Listed entries Block Start

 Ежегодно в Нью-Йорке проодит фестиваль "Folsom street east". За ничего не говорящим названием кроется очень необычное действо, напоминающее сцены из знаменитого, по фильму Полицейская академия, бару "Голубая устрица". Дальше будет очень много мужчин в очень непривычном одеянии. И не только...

Listed entries Block End
Listed entries Block Start

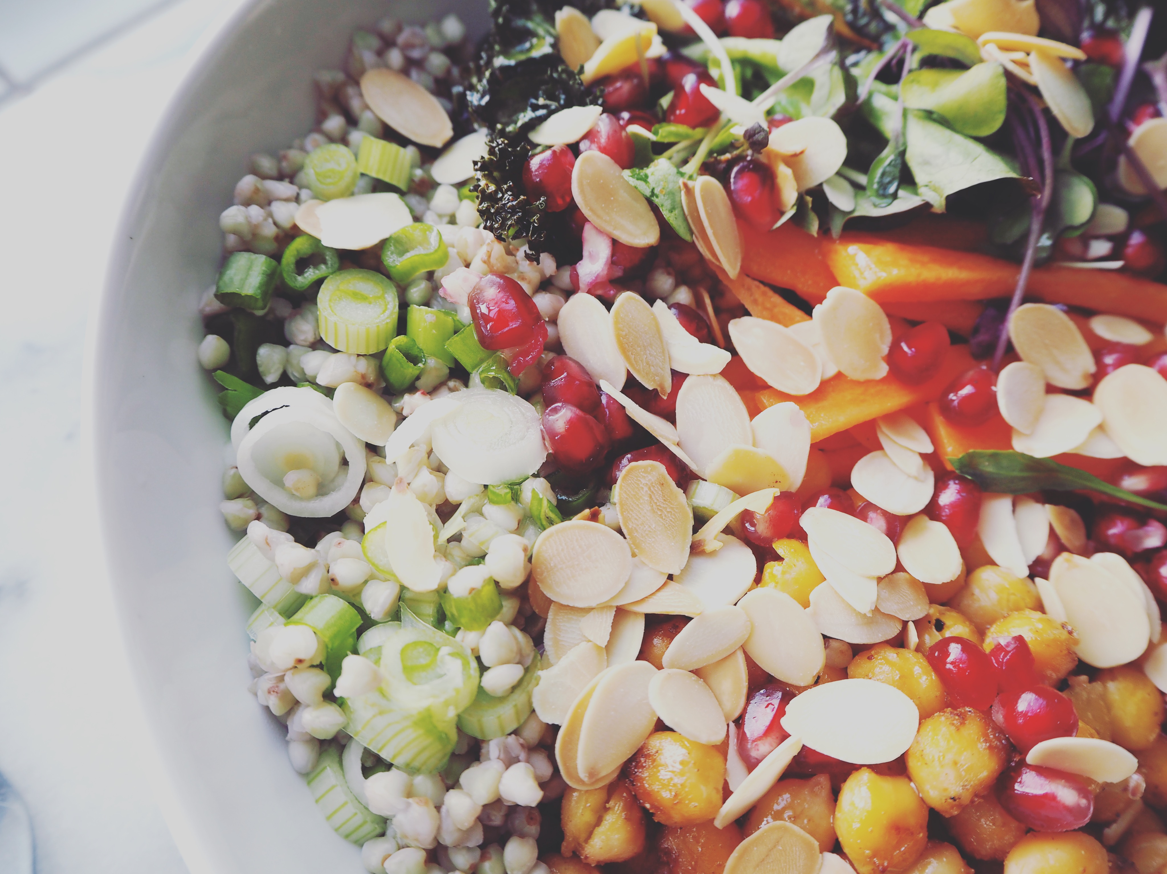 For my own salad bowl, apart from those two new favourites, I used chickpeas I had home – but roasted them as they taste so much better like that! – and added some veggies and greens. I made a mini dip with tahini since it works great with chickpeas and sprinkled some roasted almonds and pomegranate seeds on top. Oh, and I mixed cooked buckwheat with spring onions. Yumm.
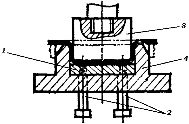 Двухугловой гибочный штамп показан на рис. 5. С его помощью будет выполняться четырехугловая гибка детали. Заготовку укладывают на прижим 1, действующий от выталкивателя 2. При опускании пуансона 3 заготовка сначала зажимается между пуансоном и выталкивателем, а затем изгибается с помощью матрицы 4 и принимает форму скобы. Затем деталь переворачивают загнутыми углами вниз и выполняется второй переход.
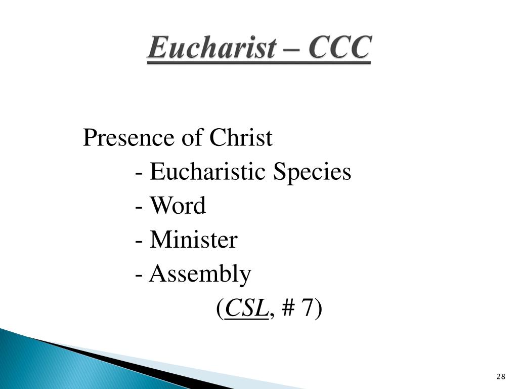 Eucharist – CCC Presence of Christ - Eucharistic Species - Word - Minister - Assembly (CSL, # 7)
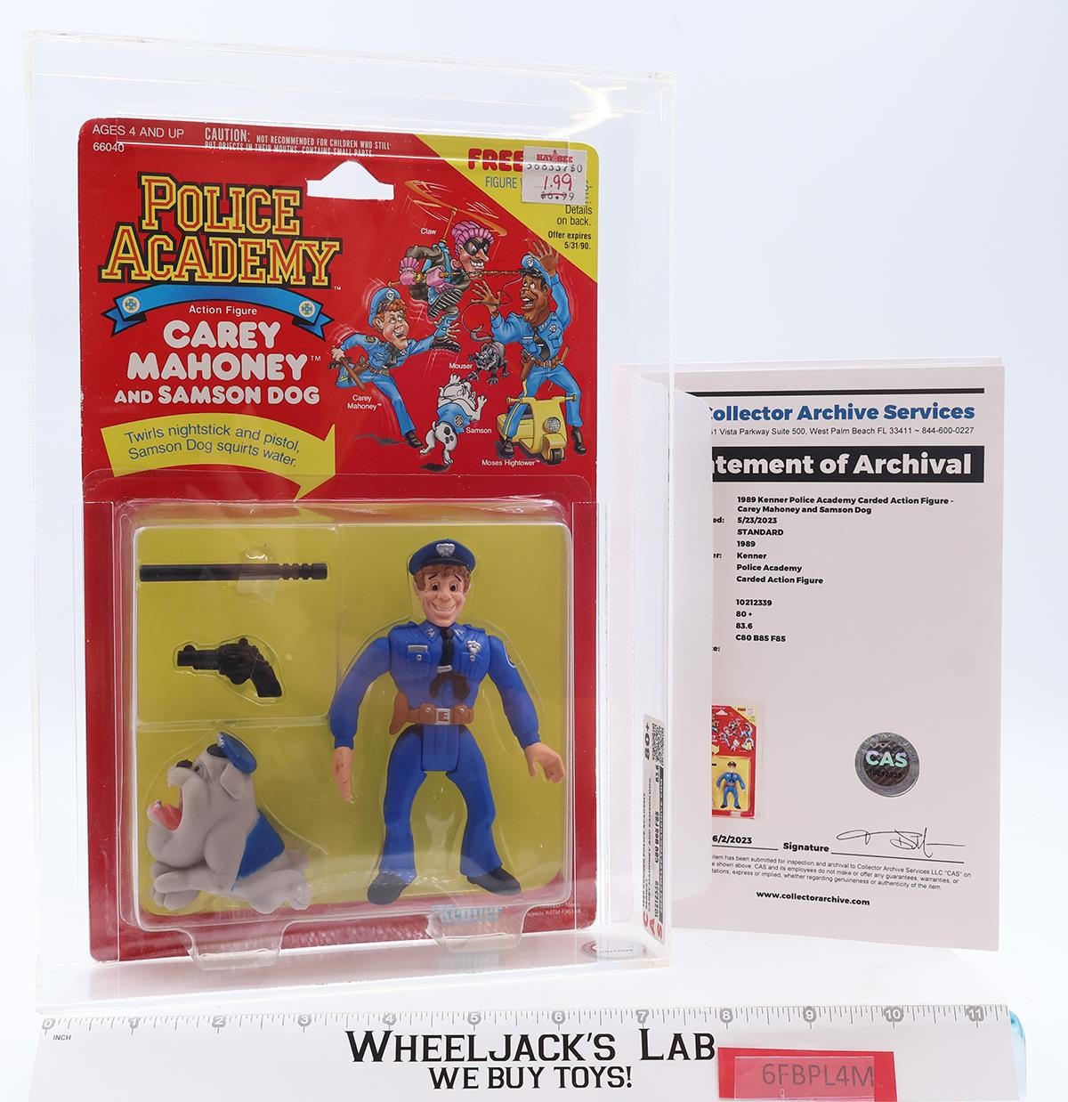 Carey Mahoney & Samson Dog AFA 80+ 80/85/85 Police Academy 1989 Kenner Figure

Listed entries Block End

Exercise objective
What are the lines above from the one with "Eucharist – CCC" to the one with "Carey Mahoney &", both included? Reproduce them exactly, without pictures.

Answer for this exercise
 Eucharist – CCC Presence of Christ - Eucharistic Species - Word - Minister - Assembly (CSL, # 7)
 Carey Mahoney & Samson Dog AFA 80+ 80/85/85 Police Academy 1989 Kenner Figure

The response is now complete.